1

Given the partial differential equation $$2\frac{\partial u}{\partial t} + 3\frac{\partial u}{\partial x} = 0$$ with auxiliary conditions $u = \sin(x)$ when $t = 0$, I tried to solve for $u(x, t)$ using the characteristic lines function.
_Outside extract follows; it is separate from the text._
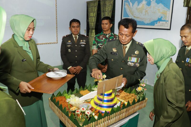 Pemotongan tumpeng oleh Kasdim 1426/takalar yang akan diberikan kepada prajurit yang terlama dinas di satuan dan kepada prajurit yang berprestasi. (Pendim 1426)

Here's my solution:

$$u(x, t) = f(bx - at) = f(3x - 2t)$$ Using the auxiliary conditions, $$\Longrightarrow \sin(x) = f(3x - 2(0)) = f(3x)$$ Substituting $w = 3x$, we have $$\sin{\left(\frac{w}{3}\right)} = f(w)$$ $$\therefore u(x, t) = \sin{\left(\frac{3x - 2t}{3}\right)} = \sin\left(x - \frac{2}{3}t\right)$$

[Edit] I differentiated $u(x, t)$ and found that $$2\frac{\partial u}{\partial t} + 3\frac{\partial u}{\partial x} \neq 0$$ But I did find that $$3\frac{\partial u}{\partial t} + 2\frac{\partial u}{\partial x} = 0$$ I would like to know where I went wrong.

  • 1
    Try $u(x,t)=f(2x-3t)$. – Gonçalo Aug 09 '23 at 23:57
  • 1
    To answer your question "I would like to know where I went wrong", you went wrong is saying the solution was $u = f(\color{red}{3}x - \color{blue}{2}t)$ when it is $u = f(\color{blue}{2} x - \color{red}{3} t)$. But without showing your working, we can't know where you went wrong in getting that particular solution. Finally, from Gonçalo's answer, you have $$u(x, 0) = f(2x) = \sin(x) \implies f(X) = \sin(X/2) \implies u(x,t) = \sin((2x - 3t)/2)$$ matching your result. – Matthew Cassell Aug 10 '23 at 06:25
  • Please can you explain why the solution is $f(2x - 3t)$ and not $f(3x - 2t)$? – Abdulrahman Aug 10 '23 at 08:19
  • @Gonçalo I see what you mean now. – Abdulrahman Aug 10 '23 at 08:20
  • You can just compute derivatives of your solution and substitute it in to the PDE to see what the values of $a, b$ should be $$u_{x} = bf', \quad u_{t} = -af' \implies 0 = 2 u_{t} + 3 u_{x} = (-2a + 3b) f' \implies 2a = 3b$$ Then let $a = 3$ and hence $b = 2$ (or let $a = 1 \implies b = 2/3$, they are equivalent statements). – Matthew Cassell Aug 13 '23 at 02:33

0 Answers0